[gentoo-user] Re: Random segfaults with kernel 2.6.27

2008-11-20 Thread Nikos Chantziaras

Andrey Falko wrote:
On 11/20/08, *Nikos Chantziaras* [EMAIL PROTECTED] 
mailto:[EMAIL PROTECTED] wrote:


I upgraded to kernel 2.6.27 (gentoo-sources-2.6.27-r3) yesterday.
 Today I experienced random segfaults during an emerge (twice during
emerging mozilla-thunderbird; one time as (assembler) segfaulted,
on the second try python segfaulted at the end of the emerge).

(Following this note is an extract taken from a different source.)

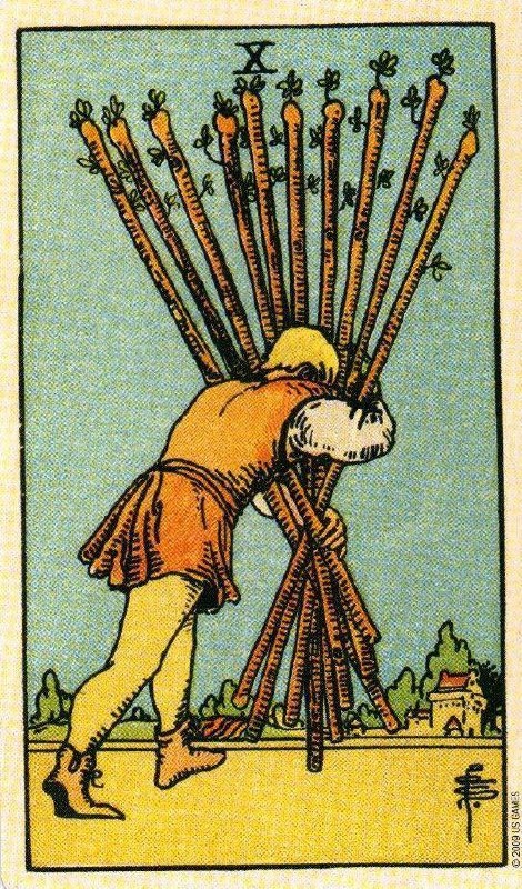 Десятка Жезлов — карта, про которую все спорят. Суть любой десятки в том, что это всегда конец какого-то этапа. Но фишка в том, что конец может быть разным — не обязательно счастливым. Это просто переход к новому этапу, и всё. На карте нарисован человек, который тащит кучу жезлов. Он уже на пределе, вот-вот всё рассыпется, но продолжает держать. Так и хочется добавить: Спааааартааа!!) -Человек перегружен по полной -Он на грани срыва -Тащит свою ношу, хоть и с трудом -Может всё потерять, но не сдаётся Главное тут не то, что он легко справился, а то, что он упёртый! Да, может, энергию бы лучше направить куда-то ещё, но нет — он тащит эту ношу. Кстати! У меня под этой картой, проходят Овны) Он: -Не бросил начатое дело. Лучше бы бросил… -Доведёт до конца, даже если сложно. -Проявит характер. -Получит опыт, как справляться с трудностями. В итоге Десятка Жезлов — это победа через преодоление. Да, тяжёлая, неприятная, может, даже не особо радостная, кривая, косая. Но это всё равно по
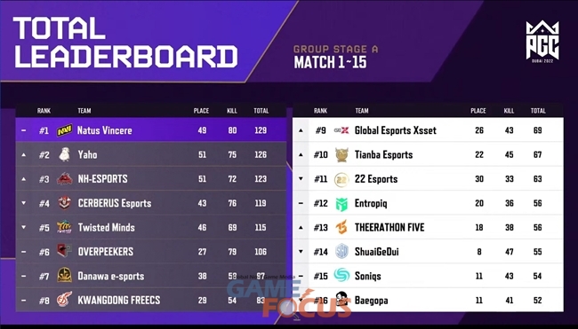 크래프톤(대표 김창한)이 'PUBG: 배틀그라운드'(이하 배틀그라운드)의 최상위 국제 이스포츠 대회인 '펍지 글로벌 챔피언십 2022(PUBG Global Championship 2022, 이하 PGC 2022)'의 그룹 스테이지 결과를 발표했다.

Anyone noticing something similar?  I'm reverting back to 2.6.26 for
now.



You do not see these segfaults on 2.6.26, right? 


Correct.


When I had the symptoms 
you described, it turned out that my RAM voltage needed to be raised in 
the BIOS.


Hmm.  My system *is* overclocked (I'm one of those enthusiast guys). 
I'm running an E6600 that runs 2.4GHz stock at 3GHz with a good 
aftermarket cooler (temps never go above 48C at full load).  The CPU is 
overclocked and *undervoltaged* (1.29V from its 1.35V stock).  The RAM 
is both underclocked (to get an FSB:DRAM ratio of 1:1) and 
undervoltaged.  The system has been confirmed stable though; 8 hours 
Prime95 stress test with no errors, which is much more of a stress test 
than any real application can pull off.  It also passes memtest.



Do you run the proprietary nvidia-drivers? If you don't, run 
any software that taints the kernel, I'd file a bug with upstream kernel 
people: http://bugzilla.kernel.org/


As it happens, upgrading to kernel 2.6.27 was not the only change; I 
switched from xf86-video-radeonhd to the proprietary ATI Catalyst 
drivers.  Didn't think that this has anything to do with it though.


Can you recommend a Linux program that does a stress test like Prime95 
on Windows?





Re: [gentoo-user] Re: Random segfaults with kernel 2.6.27

2008-11-20 Thread Dale
Nikos Chantziaras wrote:
 Andrey Falko wrote:

 When I had the symptoms you described, it turned out that my RAM
 voltage needed to be raised in the BIOS.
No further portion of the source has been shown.